Look through the entries below for the line with "Dečak se kostimirao" and the line with "Il supporto degli", then give again exactly those two lines and all lines between them, minus the pictures.
Top of Material for the task
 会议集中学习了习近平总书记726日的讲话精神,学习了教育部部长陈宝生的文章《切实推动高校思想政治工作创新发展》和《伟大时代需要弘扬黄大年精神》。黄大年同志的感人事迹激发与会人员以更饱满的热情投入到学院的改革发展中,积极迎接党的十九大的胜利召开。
Bottom of Material for the task
Top of Material for the task
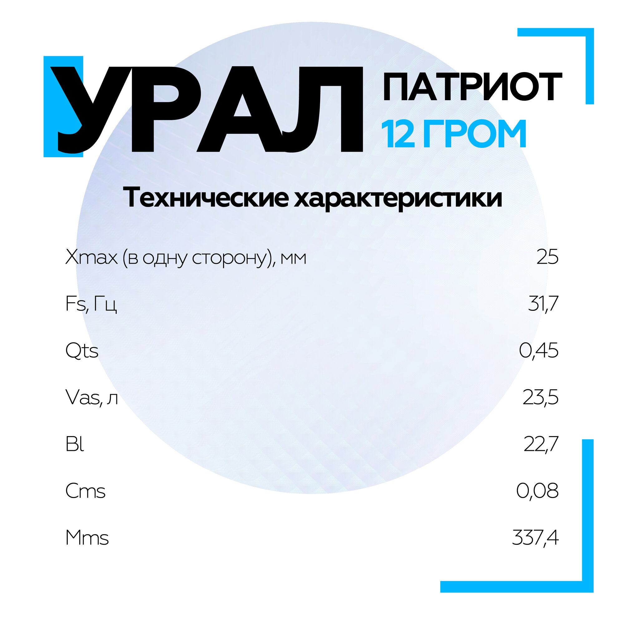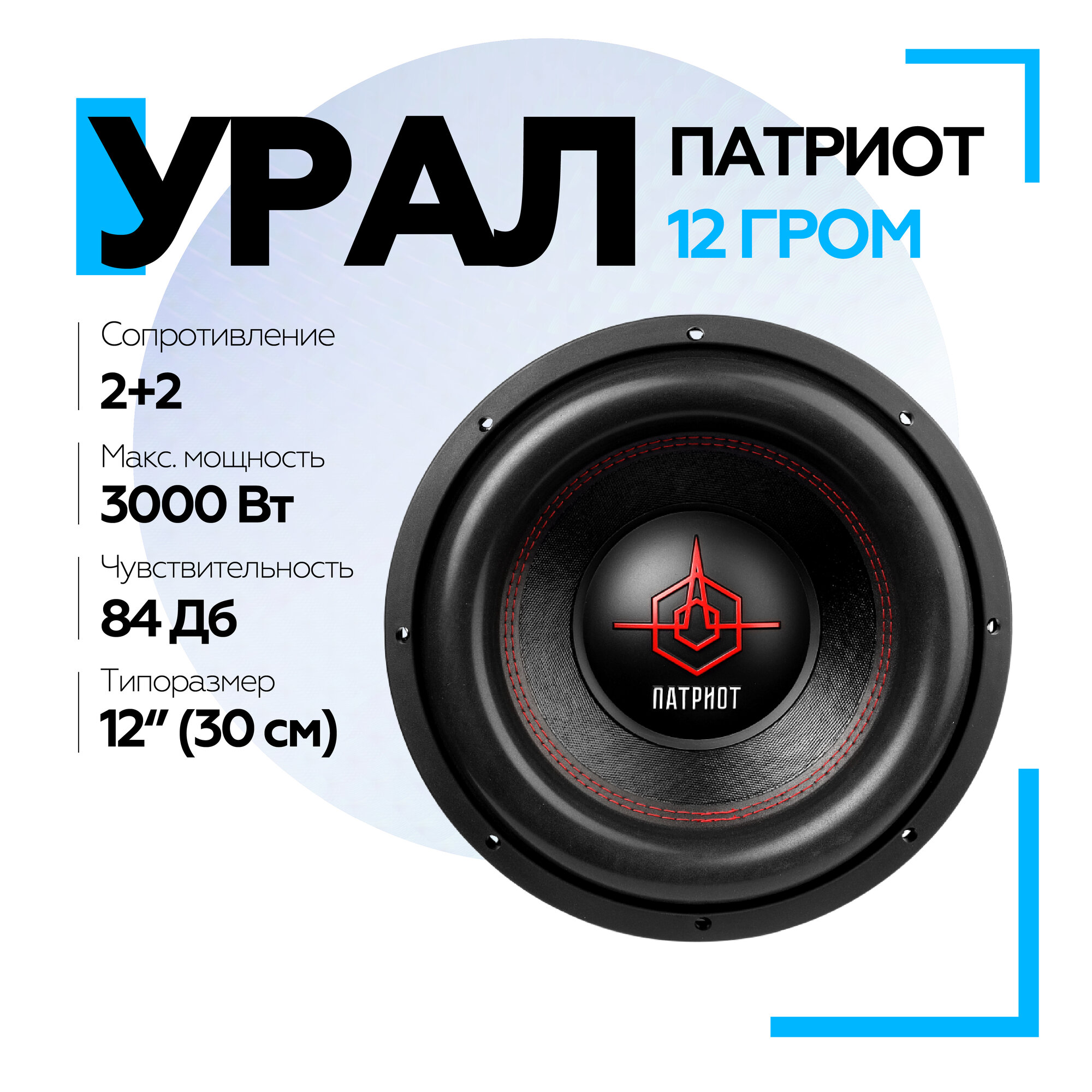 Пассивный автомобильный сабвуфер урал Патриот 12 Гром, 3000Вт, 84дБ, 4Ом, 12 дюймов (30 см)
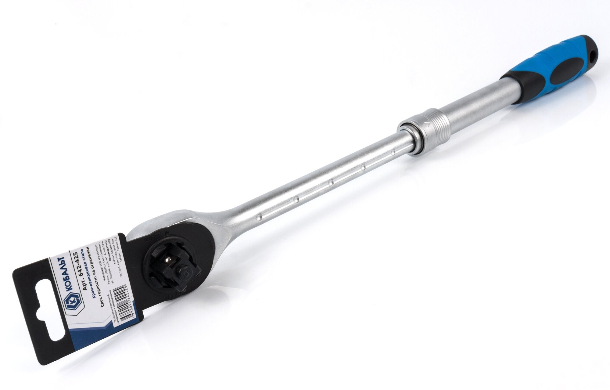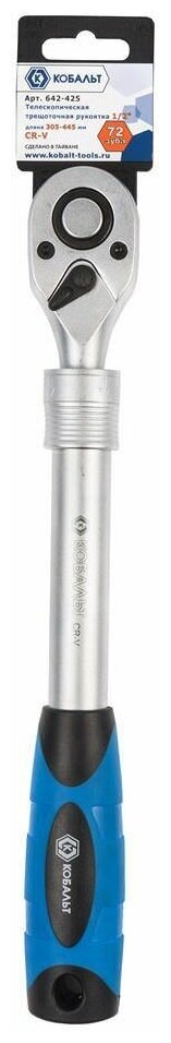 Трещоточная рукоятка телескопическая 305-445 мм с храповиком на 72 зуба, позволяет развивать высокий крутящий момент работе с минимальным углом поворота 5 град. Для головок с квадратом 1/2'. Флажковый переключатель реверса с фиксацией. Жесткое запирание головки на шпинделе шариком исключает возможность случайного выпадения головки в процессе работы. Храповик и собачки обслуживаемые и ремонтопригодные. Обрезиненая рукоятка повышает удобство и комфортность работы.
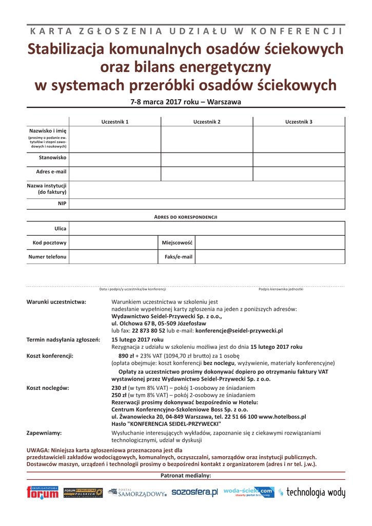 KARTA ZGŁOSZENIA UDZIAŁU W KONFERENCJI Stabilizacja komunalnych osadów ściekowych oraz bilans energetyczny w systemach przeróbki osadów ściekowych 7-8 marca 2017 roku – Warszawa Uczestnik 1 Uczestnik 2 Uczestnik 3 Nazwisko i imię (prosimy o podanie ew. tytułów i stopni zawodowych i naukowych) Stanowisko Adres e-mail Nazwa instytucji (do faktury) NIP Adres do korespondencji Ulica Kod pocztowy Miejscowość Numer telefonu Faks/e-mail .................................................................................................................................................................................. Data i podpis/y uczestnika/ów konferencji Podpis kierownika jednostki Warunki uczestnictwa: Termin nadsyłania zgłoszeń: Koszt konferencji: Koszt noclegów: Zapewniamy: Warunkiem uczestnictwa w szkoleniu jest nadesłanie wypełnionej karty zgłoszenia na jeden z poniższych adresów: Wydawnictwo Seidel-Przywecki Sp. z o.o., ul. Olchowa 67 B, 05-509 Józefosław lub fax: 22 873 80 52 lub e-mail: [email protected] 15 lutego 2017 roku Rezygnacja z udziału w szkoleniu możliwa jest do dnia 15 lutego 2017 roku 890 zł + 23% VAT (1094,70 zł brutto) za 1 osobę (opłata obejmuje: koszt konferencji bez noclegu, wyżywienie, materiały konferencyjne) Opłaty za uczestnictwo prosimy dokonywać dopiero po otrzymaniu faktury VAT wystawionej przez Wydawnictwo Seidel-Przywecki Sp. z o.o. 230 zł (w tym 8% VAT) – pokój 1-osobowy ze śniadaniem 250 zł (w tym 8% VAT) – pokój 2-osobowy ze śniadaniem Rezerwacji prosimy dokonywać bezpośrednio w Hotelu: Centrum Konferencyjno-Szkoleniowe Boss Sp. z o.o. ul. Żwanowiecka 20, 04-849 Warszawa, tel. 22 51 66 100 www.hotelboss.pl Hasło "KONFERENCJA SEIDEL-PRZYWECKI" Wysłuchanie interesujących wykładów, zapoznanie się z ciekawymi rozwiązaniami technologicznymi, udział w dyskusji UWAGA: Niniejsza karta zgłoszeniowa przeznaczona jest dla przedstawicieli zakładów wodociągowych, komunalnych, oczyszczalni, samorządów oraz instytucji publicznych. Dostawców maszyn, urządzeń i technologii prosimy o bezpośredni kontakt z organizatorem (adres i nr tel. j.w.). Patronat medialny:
Bottom of Material for the task
Top of Material for the task
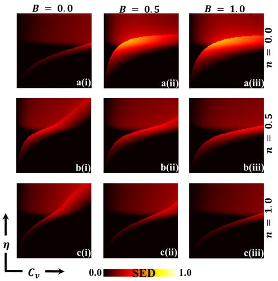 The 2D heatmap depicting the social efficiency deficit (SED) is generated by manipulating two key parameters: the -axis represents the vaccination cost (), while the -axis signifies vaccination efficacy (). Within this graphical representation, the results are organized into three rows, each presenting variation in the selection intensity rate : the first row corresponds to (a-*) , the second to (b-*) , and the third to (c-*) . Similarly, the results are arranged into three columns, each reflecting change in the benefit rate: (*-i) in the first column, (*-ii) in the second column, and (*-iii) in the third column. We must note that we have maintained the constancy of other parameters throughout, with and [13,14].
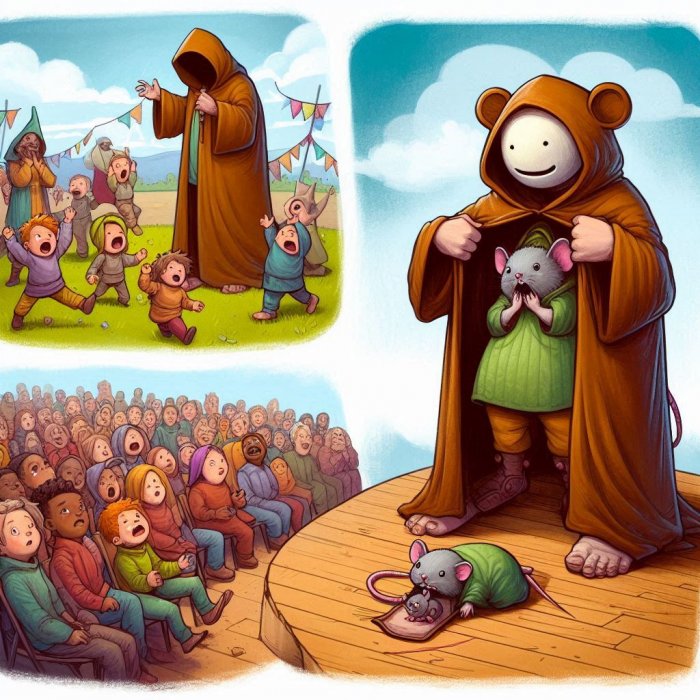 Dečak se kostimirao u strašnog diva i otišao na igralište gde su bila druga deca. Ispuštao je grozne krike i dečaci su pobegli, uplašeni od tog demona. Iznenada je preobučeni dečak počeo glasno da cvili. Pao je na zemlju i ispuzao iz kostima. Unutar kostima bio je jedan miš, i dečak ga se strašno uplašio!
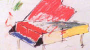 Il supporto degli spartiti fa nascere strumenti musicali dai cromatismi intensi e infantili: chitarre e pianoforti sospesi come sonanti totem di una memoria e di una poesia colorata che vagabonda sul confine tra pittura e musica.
Bottom of Material for the task
> **Result for this exercise**
 Dečak se kostimirao u strašnog diva i otišao na igralište gde su bila druga deca. Ispuštao je grozne krike i dečaci su pobegli, uplašeni od tog demona. Iznenada je preobučeni dečak počeo glasno da cvili. Pao je na zemlju i ispuzao iz kostima. Unutar kostima bio je jedan miš, i dečak ga se strašno uplašio!
 Il supporto degli spartiti fa nascere strumenti musicali dai cromatismi intensi e infantili: chitarre e pianoforti sospesi come sonanti totem di una memoria e di una poesia colorata che vagabonda sul confine tra pittura e musica.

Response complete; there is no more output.